_AIM OF THE EXERCISE_
Drop the pictures; give again exactly the lines from the one holding "Bruschetta con pesce" through the end of the data.

EXERCISE DATA section start

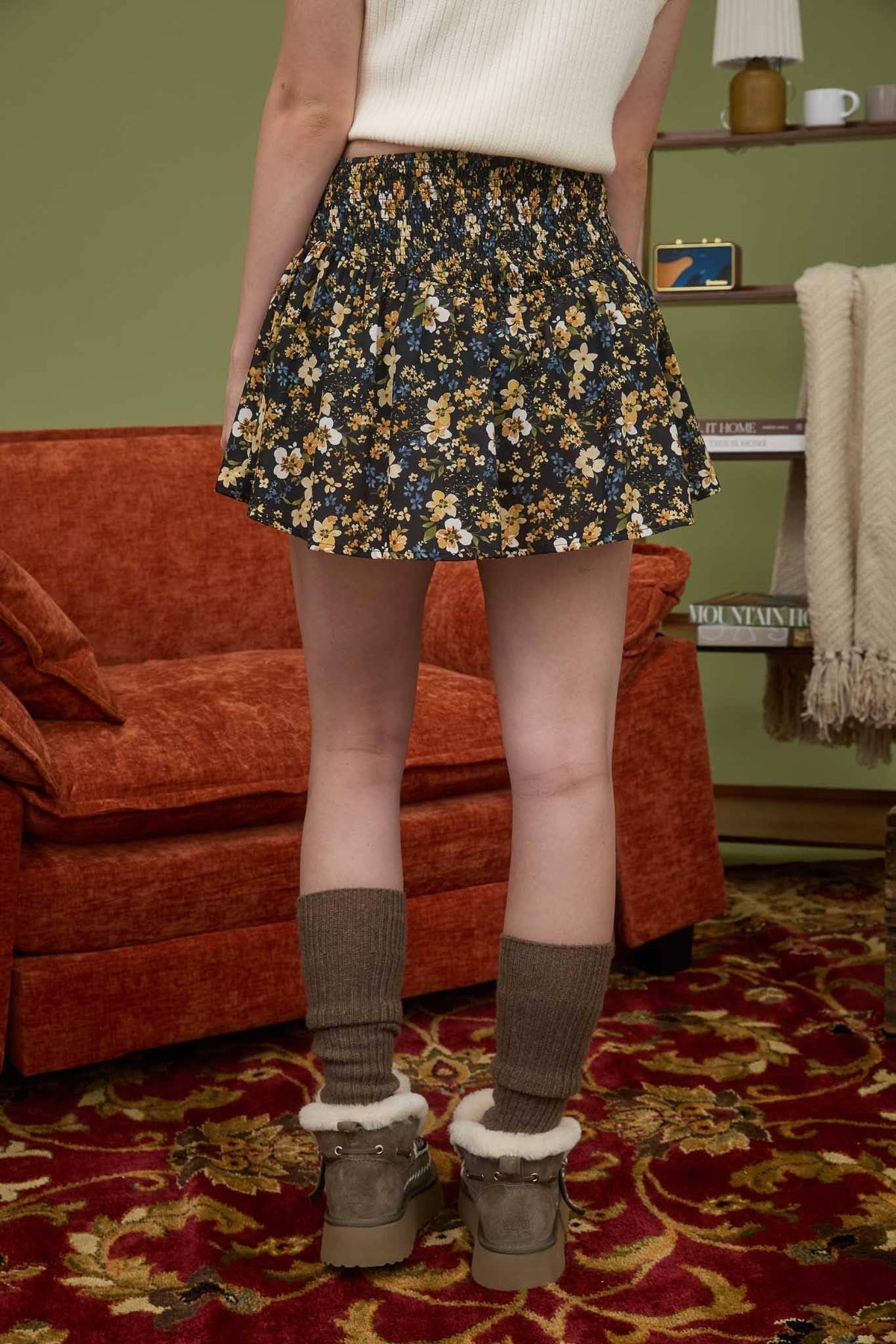 Women's Skirts - FLORAL SMOCKED LACE-UP DETAIL MINI SKIRT - BROWN MULTI - Cultured Cloths Apparel
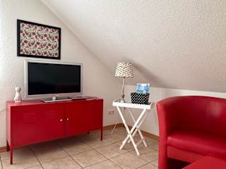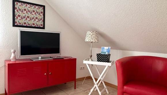 Die Ferienwohnung verfügt über ein Schlafzimmer, ein Badezimmer und ein Wohnzimmer, das mit einem Flachbild-TV ausgestattet ist.
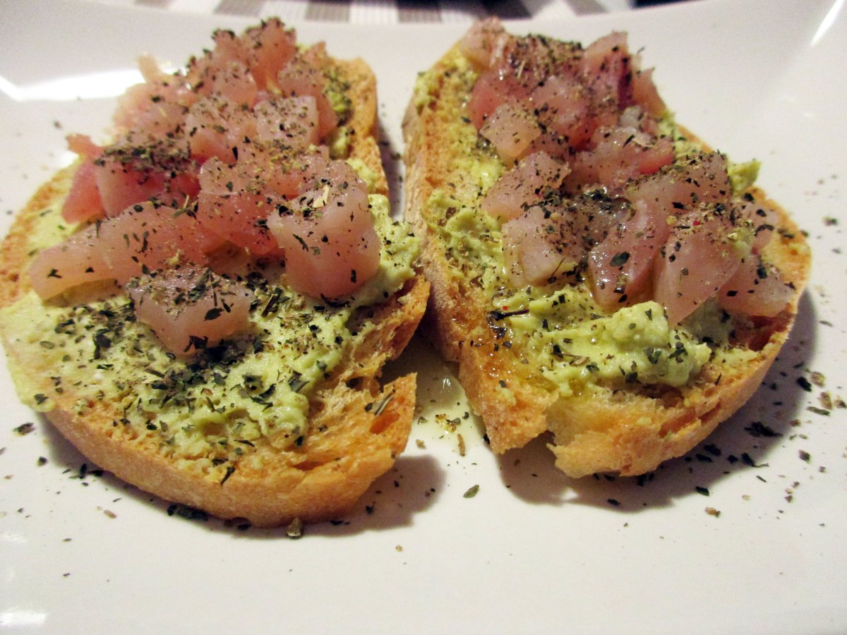Bruschetta con pesce spada, crema di ricotta e piselli
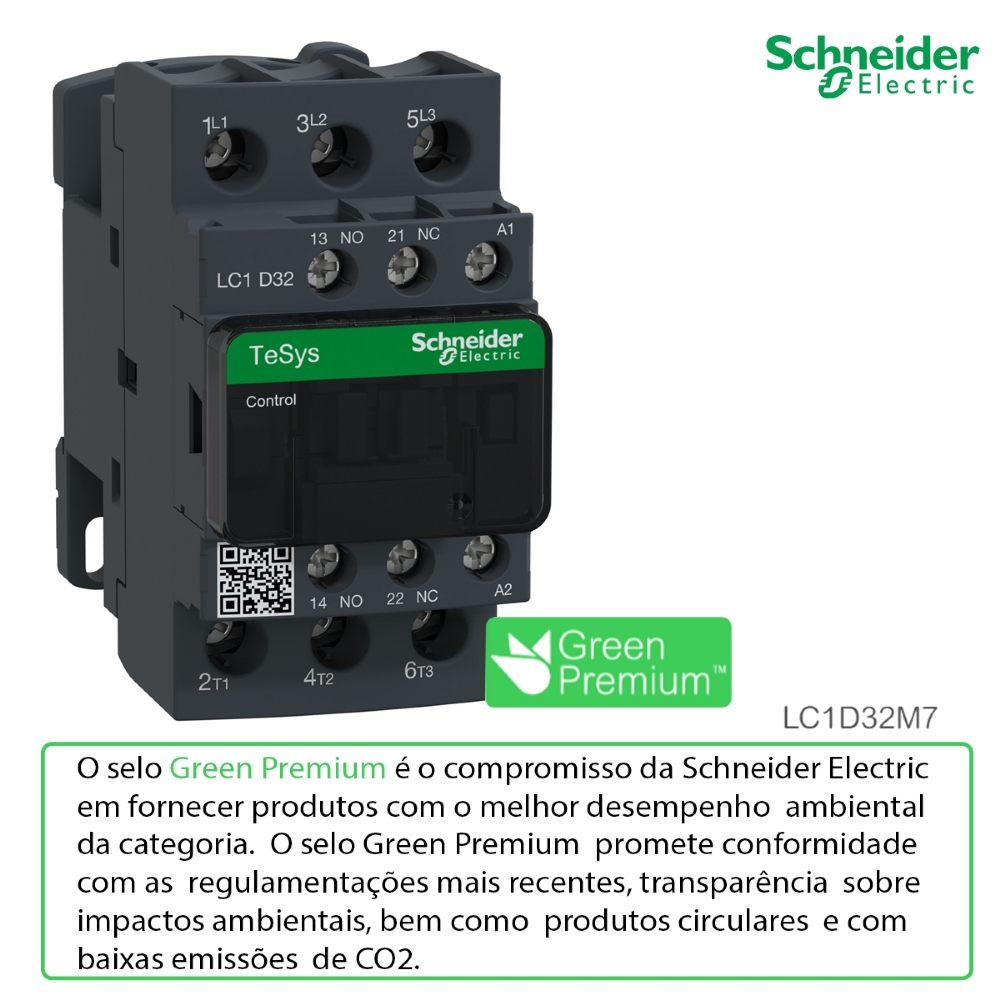Com mais de 180 anos inovando e fazendo história, a Schneider Electric continua criando e desenvolvendo tecnologias inovadoras de confiabilidade, eficiência e de forma sustentável. Com o Contator LC1D32M7, você aproveita o que tem de melhor da nossa tecnologia.

EXERCISE DATA section end

_ANSWER TO THE EXERCISE_
Bruschetta con pesce spada, crema di ricotta e piselli
Com mais de 180 anos inovando e fazendo história, a Schneider Electric continua criando e desenvolvendo tecnologias inovadoras de confiabilidade, eficiência e de forma sustentável. Com o Contator LC1D32M7, você aproveita o que tem de melhor da nossa tecnologia.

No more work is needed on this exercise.